Monday, 29 January 2024
Hall E (The Baltimore Convention Center)
Handout (1.3 MB)
Ice crystal alignment within thunderstorms is difficult to capture due to the temporal scale at which electrical charge build-up and breakdown occur. This study focuses on three principal objectives. First, determining how effective phased array radar’s (PARs) higher temporal resolution is for analyzing ice crystal alignment within thunderstorms. Second, determining correlations between the Specific Differential Phase (KDP) and Differential Reflectivity (ZDR) signatures, and the three-dimensional flash locations determined by a lightning mapping array (LMA). Lastly, advancing our understanding of electrification signatures and how important the temporal scale is to the process. The fully digital polarimetric rotating S-band PAR system, Horus, conducted a series of range-height indicator (RHI) scans of a tornadic supercell on 11 May 2023 at 23:38 to 12 May 2023 at 00:56 UTC, within range of the Oklahoma LMA (OKLMA). A simultaneous evaluation of these RHI scans along with the OKLMA data allowed for the examination of regions of negative KDP or near-zero ZDR values, which may correspond to vertical ice crystal alignment in large electric fields.

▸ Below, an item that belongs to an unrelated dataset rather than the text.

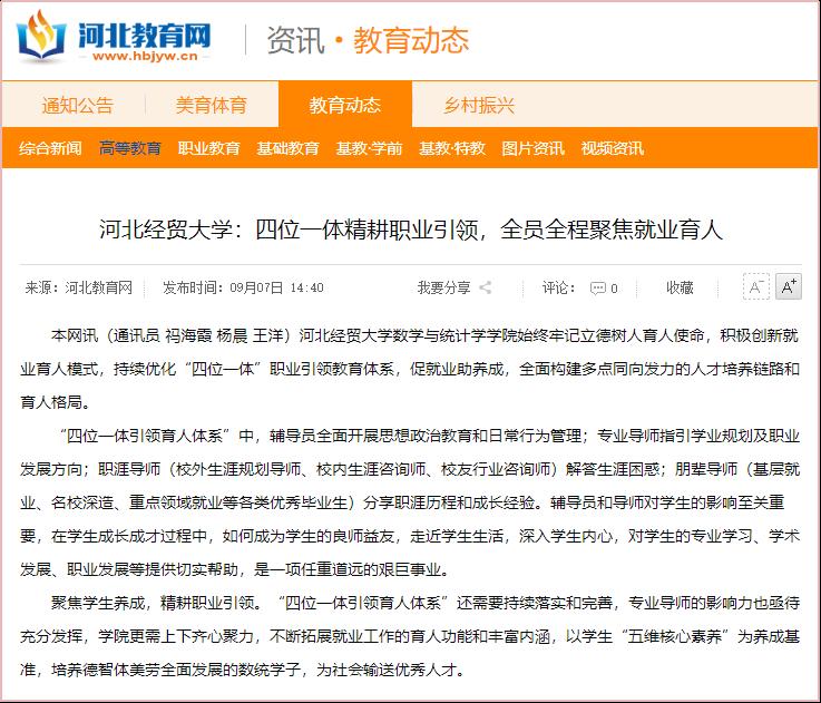 9月7日,河北教育网对祃海霞等撰写的《必赢国际437官网:四位一体精耕职业引领,全员全程聚焦就业育人》进行了报道。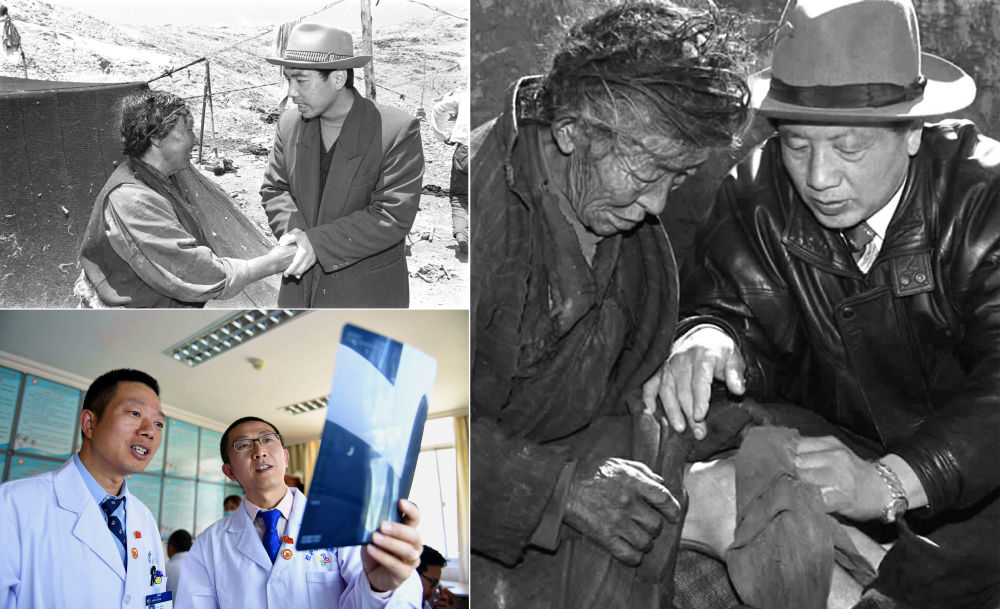 左上圖為來自陜西的援藏干部、阿里日土縣副縣長賈冗勇深入牧區(qū),幫助藏族牧民解決生產(chǎn)、生活的實際困難(新華社記者土登攝,1997年11月11日發(fā));左下圖為2017年8月3日,北京積水潭醫(yī)院援藏醫(yī)生龔曉峰(右)和北京天壇醫(yī)院援藏醫(yī)生李家謀在拉薩市人民醫(yī)院骨科病房內(nèi)查看患者的X光片,進(jìn)行工作交接(新華社記者晉美多吉攝);右圖為孔繁森(右)在阿里日土縣過巴鄉(xiāng)為孤寡老人益西卓瑪治病(新華社記者土登攝,1994年12月26日發(fā))。

In the end, Horus’s KDP signatures did not align with the lightning flashes in this case, but many flashes were in areas with near-zero ZDR values. The storm was very electrified with 22,351 flashes occurring during the study period with 2,138 RHI scans, potentially beyond the point that 2-second RHI scans can capture storm electrification and the process of ice crystal alignment. This presentation will examine the frequent lightning flashes around the rapid RHIs.